* Dataset extract:
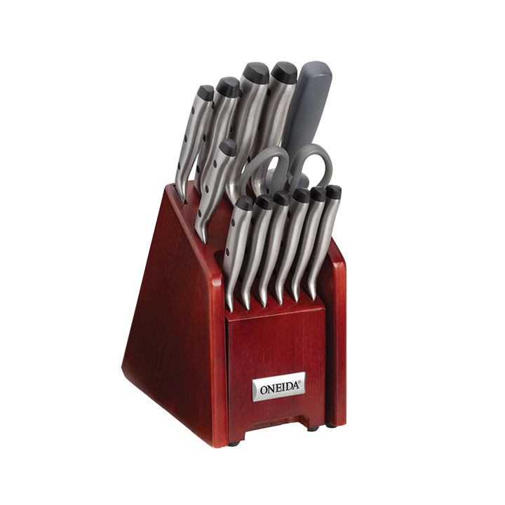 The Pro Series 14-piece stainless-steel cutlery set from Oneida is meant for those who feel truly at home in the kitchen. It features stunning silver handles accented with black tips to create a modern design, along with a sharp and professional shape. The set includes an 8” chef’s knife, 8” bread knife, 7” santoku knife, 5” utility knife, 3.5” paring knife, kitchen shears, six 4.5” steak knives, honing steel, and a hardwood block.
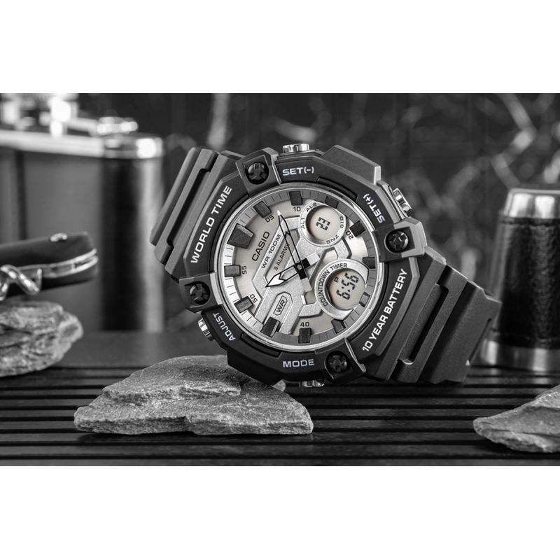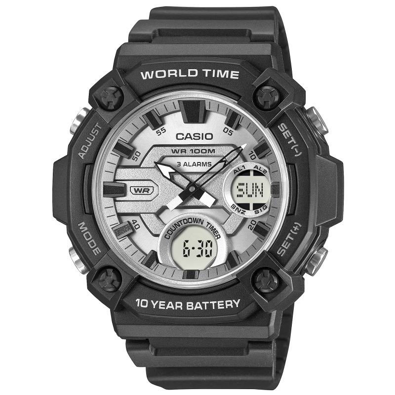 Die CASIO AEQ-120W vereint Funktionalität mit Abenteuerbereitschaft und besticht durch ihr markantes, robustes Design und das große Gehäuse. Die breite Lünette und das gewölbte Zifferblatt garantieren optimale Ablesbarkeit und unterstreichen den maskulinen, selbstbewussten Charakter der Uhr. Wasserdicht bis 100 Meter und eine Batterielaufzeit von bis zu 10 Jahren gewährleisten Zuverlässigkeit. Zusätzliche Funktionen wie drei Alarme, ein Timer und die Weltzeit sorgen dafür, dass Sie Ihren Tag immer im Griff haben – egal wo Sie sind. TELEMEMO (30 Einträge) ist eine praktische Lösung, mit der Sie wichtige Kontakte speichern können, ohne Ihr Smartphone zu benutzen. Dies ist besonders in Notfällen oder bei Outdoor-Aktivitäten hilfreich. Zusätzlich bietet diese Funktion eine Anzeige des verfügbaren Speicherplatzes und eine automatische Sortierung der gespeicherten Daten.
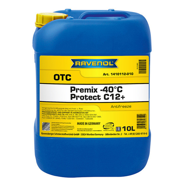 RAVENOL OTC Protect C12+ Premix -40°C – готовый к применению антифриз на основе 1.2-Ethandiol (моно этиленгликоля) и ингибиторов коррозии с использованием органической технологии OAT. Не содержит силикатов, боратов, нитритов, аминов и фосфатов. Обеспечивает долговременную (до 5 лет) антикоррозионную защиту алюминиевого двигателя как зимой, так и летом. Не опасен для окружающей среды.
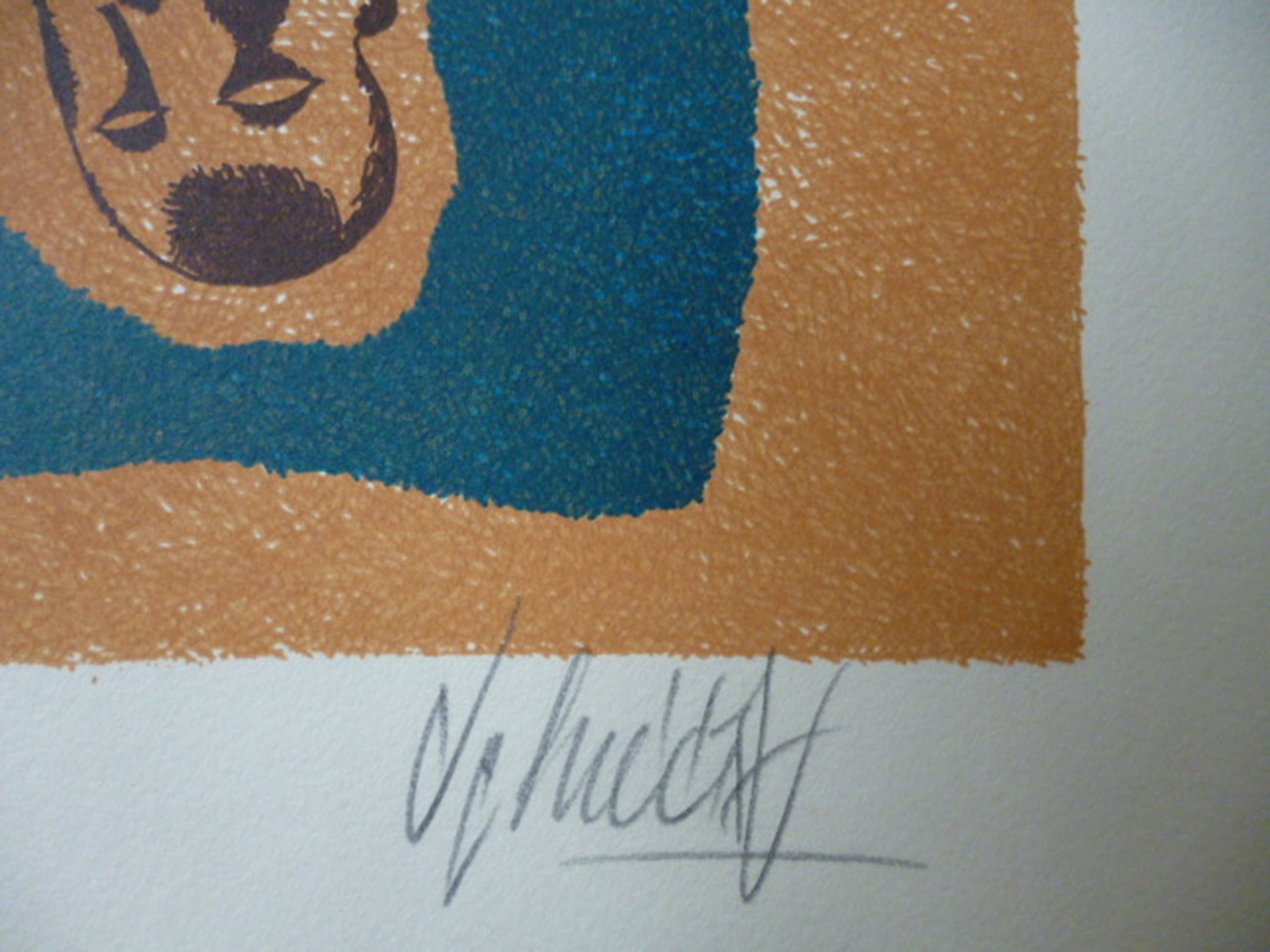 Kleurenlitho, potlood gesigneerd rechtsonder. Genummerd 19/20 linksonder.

* Activity: Print the stretch of the data from the line with "RAVENOL OTC Protect" through its last line, exactly and with both ends kept. Omit pictures.

* Reply:
 RAVENOL OTC Protect C12+ Premix -40°C – готовый к применению антифриз на основе 1.2-Ethandiol (моно этиленгликоля) и ингибиторов коррозии с использованием органической технологии OAT. Не содержит силикатов, боратов, нитритов, аминов и фосфатов. Обеспечивает долговременную (до 5 лет) антикоррозионную защиту алюминиевого двигателя как зимой, так и летом. Не опасен для окружающей среды.
 Kleurenlitho, potlood gesigneerd rechtsonder. Genummerd 19/20 linksonder.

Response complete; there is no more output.